Summarized variables can be ploted and statistically tested to reveal interannual changes. The basic function for plotting is `gr_plot_vars()`. Just pass the names of the variables that you want to plot, and the desired plotting layout. Different background fill colors are used to differentiate seasons:

```{r}
# plot one selected variable
gr_plot_vars(vars, Qygr) 

# plot one selected variable
gr_plot_vars(vars, Dspstart) 

# plot two variables sequentially
gr_plot_vars(vars, D10w1, Wsprngr)

# plot four variables in matrix layout
gr_plot_vars(vars, Qspmax, Qygr, D10w1, Wsprngr,
             layout = matrix(1:4, nrow = 2, byrow = TRUE)) 
```

Tests can be calculated on the fly during the variable plotting or passed into `tests = ` parameters. In this case the plots are supplemented with trend line and change year:

```{r}
# add tests calculated on the fly (only plotted variables are tested)
gr_plot_vars(vars, Qspmax, Qygr, D10w1, Wsprngr,
             layout = matrix(1:4, nrow = 2, byrow = TRUE),
             tests = TRUE) 

# calculate tests beforehand
tests = gr_test_vars(vars)
gr_plot_vars(vars, D10w1, Wsprngr, Nthw, Qrnmax,
             layout = matrix(1:4, nrow = 2, byrow = TRUE),
             tests = tests) 
```

# Period plots

Period plots are boxplots produced by `gr_plot_periods()` for hydrograph separation variables. The data for each variable is divided into two sample periods: before and after the change year either set by `year` parameter or extracted from `tests` (statistically estimated). Different background fill colors are used to differentiate seasons:

```{r}
# plot periods with fixed change year
gr_plot_periods(vars, Qygr, year = 1979)

# plot periods with change year from Pettitt test
gr_plot_periods(vars, Qygr, tests = TRUE)

# calculate test beforehand
gr_plot_periods(vars, Qspmax, tests = tests)

# use matrix layout to plot multiple variables
gr_plot_periods(vars, Qygr, Qspmax, D10w1, Wsprngr,
                layout = matrix(1:4, nrow = 2),
                tests = tests)
```

# Minimum runoff month plots

A histogram of a minimum runoff month for two periods: before and after the change year set by `year` parameter.
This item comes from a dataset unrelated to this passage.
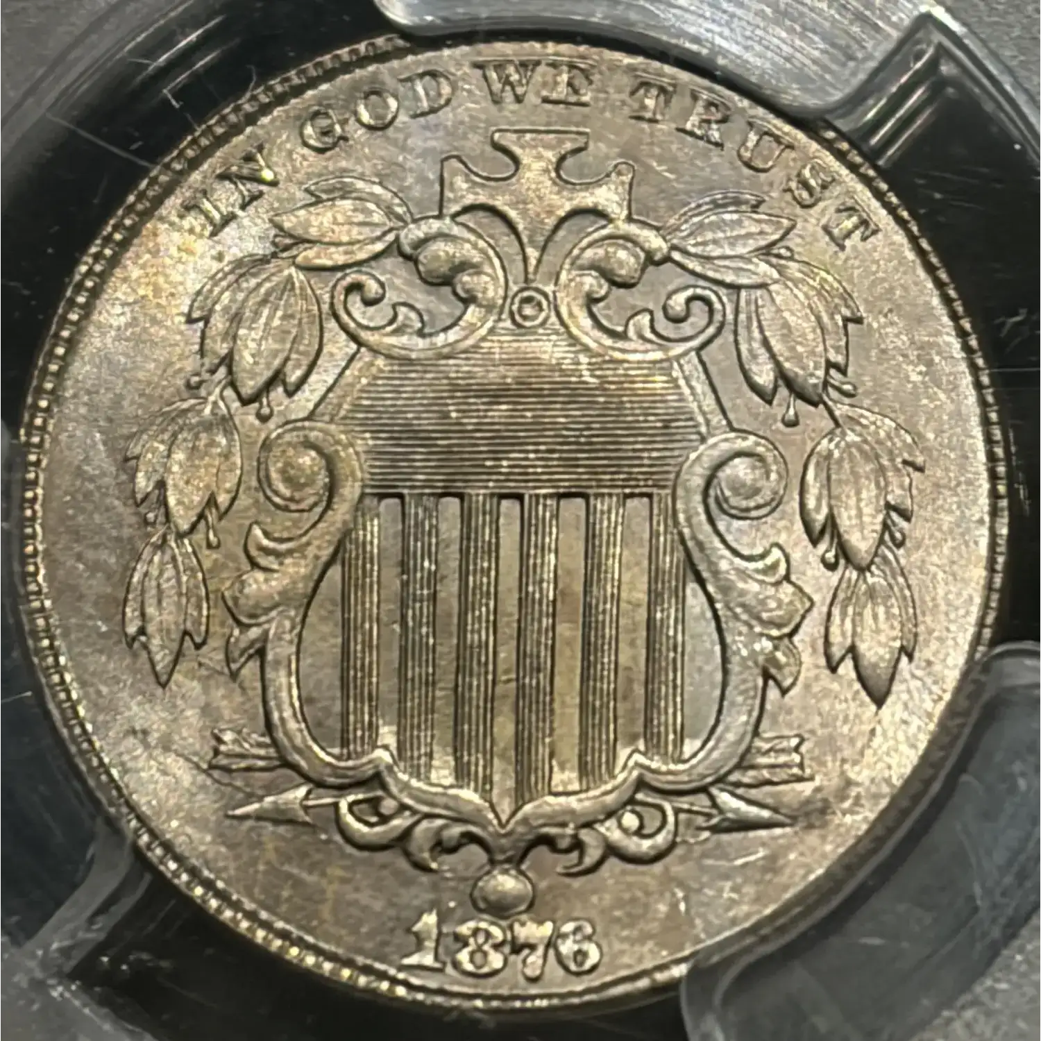 1876 SHIELD NICKEL PCGS MS63

This kind of plot is produced by `gr_plot_minmonth()`:

```{r}
# plot minimum runoff month for two periods divided by Pettitt test
gr_plot_minmonth(vars, tests = gr_test_vars(vars))

# plot minimum runoff month for two periods divided by fixed year
gr_plot_minmonth(vars, year = 1979)
```

# Test plots

Test plots produced by `gr_plot_tests()` are intended to facilitate the visual analysis of statistical tests. Currently only the change year density is available as a plotting variable:

```{r}
# plot change year from Pettitt test
gr_plot_tests(tests, type = 'year')
```

As can be seen from this plot, most of the variables demonstrate the change in their statistical behavior around $1979$ year.